McClelland M
Department of Biochemistry and Molecular Biology, University of Chicago, IL 60637.
Nucleic Acids Res. 1988 Mar 25;16(5):2283-94. doi: 10.1093/nar/16.5.2283.
I show that the recognition sequences of Type II restriction systems are correlated with the G + C content of the host bacterial DNA. Almost all restriction systems with G + C rich tetranucleotide recognition sequences are found in species with A + T rich genomes, whereas G + C rich hexanucleotide and octanucleotide recognition sequences are found almost exclusively in species with G + C rich genomes. Most hexanucleotide recognition sequences found in species with A + T rich genomes are A + T rich. This distribution eliminates a substantial proportion of the potential variance in the frequency of restriction recognition sequences in the host genomes. As a consequence, almost all restriction recognition sequences, including those eight base pairs in length (Not I and Sfi I), are predicted to occur with a frequency ranging from once every 300 to once every 5,000 base pairs in the host genome. Since the G + C content of bacteriophage DNA and of the host genome are also correlated, the data presented is evidence that most Type II "restriction systems" are indeed involved in phage restriction.
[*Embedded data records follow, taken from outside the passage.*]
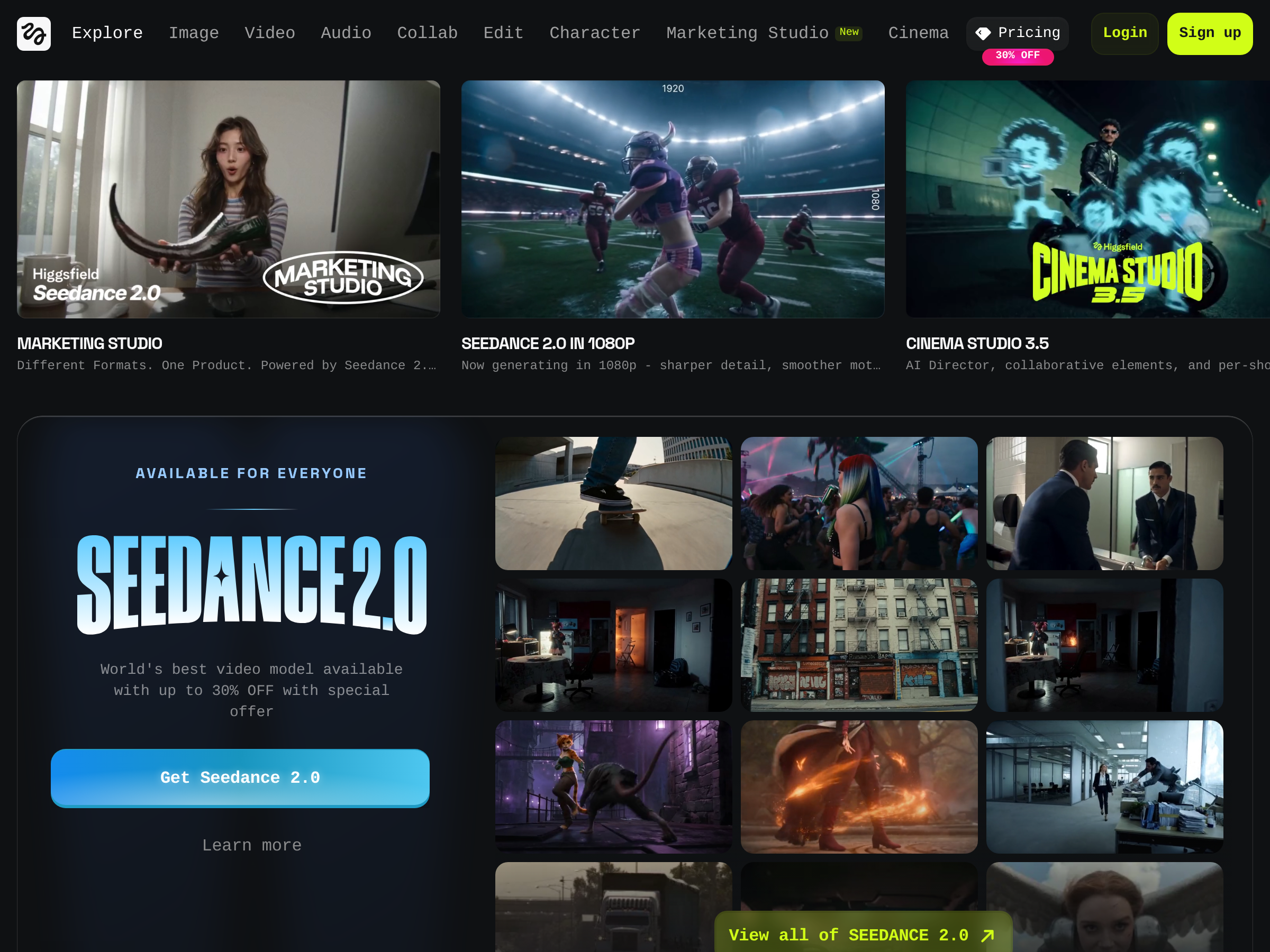A Higgsfield-branded AI video creation product focused on cinematic outputs.
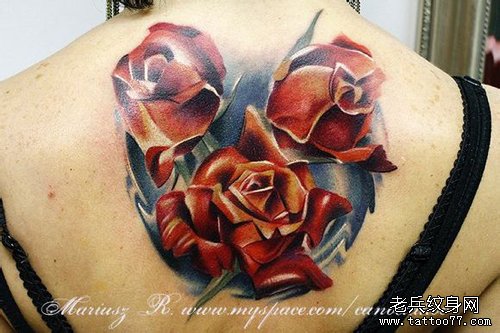 女生背部时尚精美的欧美彩色玫瑰花纹身图案
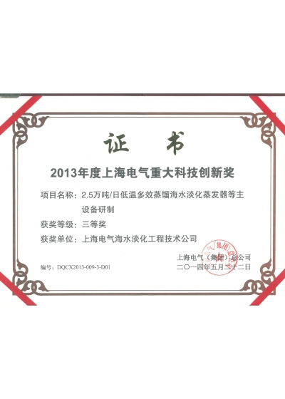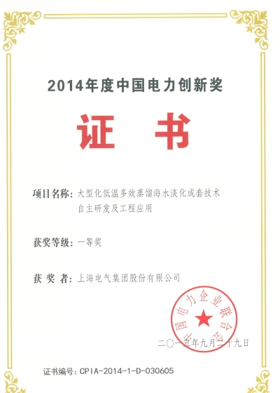 2014年度中国电力创新奖一等奖
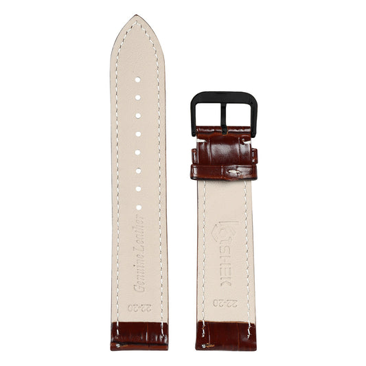 Boshek Tan Genuine Leather Croco Design Watch Strap. Black Buckle Quick Release and Self Changeable FS354
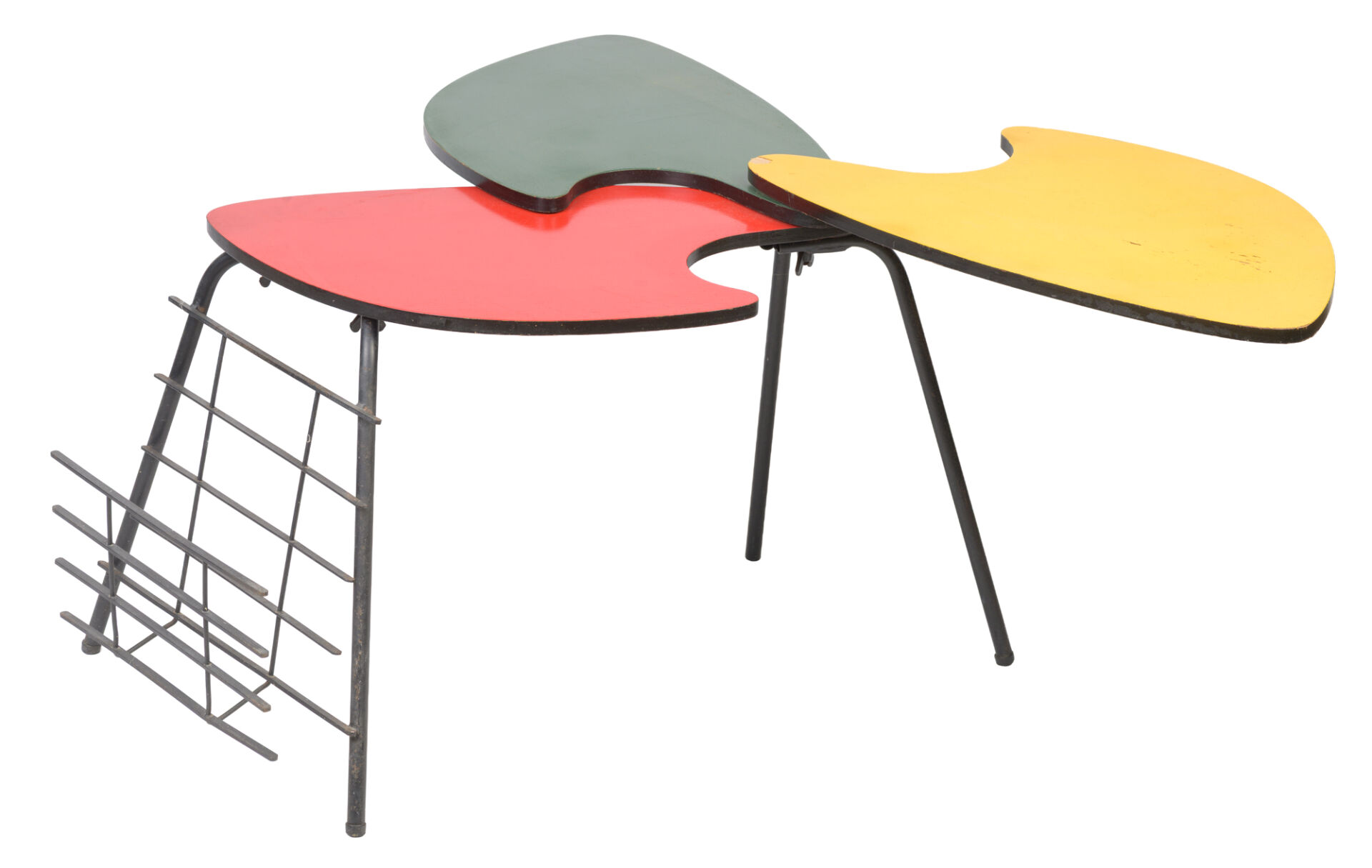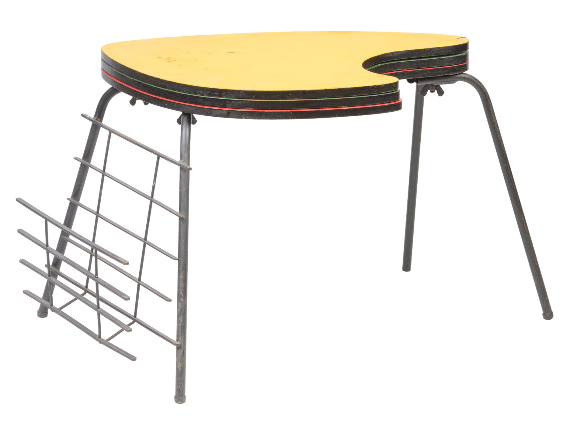 Dans le goût de Willy VAN DER MEEREN. Bout de canapé en métal noir avec porte-revue et trois tablettes en formica jaune, rouge et vert dont deux pivotantes. Accident tablette jaune H : 42,5 cm ; L : 110 cm (dépliée) ; l : 46 cm
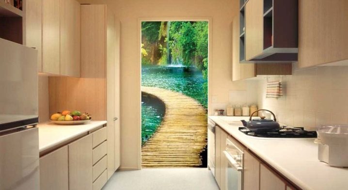 За кухненската врата тапетът е подходящ с различни теми, винил или гладък. Но не само на хартиена основа, но със защитно покритие, което не се страхува от влага, изпарения и избледняване.
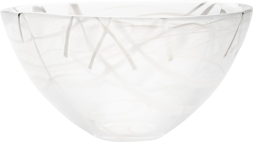 El bol para ensalada Contrast de Kosta Boda es un diseño único de Anna Ehrner, quien se ha ganado la fama por sus expresivas obras con líneas de colores en el cristal.
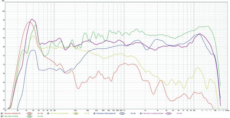 Έπαιξε δυνατά, αρκετά δυνατά, βγάζοντας 88dB στο 1μ. με ανύπαρκτη παραμόρφωση (THD <10% στο μπάσο, <0.6% στο υπόλοιπο φάσμα), ενώ και στην μέγιστη στάθμη του (102dB) η παραμόρφωση ήταν σε λογικά επίπεδα (βασικά και στα 92dB ήταν πολύ καλά, με το μπάσο <20% και στο υπόλοιπο φάσμα <1.5%).

我发现II型限制系统的识别序列与宿主细菌DNA的G + C含量相关。几乎所有具有富含G + C的四核苷酸识别序列的限制系统都存在于基因组富含A + T的物种中,而富含G + C的六核苷酸和八核苷酸识别序列几乎只存在于基因组富含G + C的物种中。在基因组富含A + T的物种中发现的大多数六核苷酸识别序列富含A + T。这种分布消除了宿主基因组中限制识别序列频率的很大一部分潜在差异。因此,几乎所有的限制识别序列,包括那些长度为八个碱基对的序列(Not I和Sfi I),预计在宿主基因组中的出现频率为每300至每5000个碱基对出现一次。由于噬菌体DNA和宿主基因组的G + C含量也相关,所呈现的数据证明大多数II型“限制系统”确实参与噬菌体限制。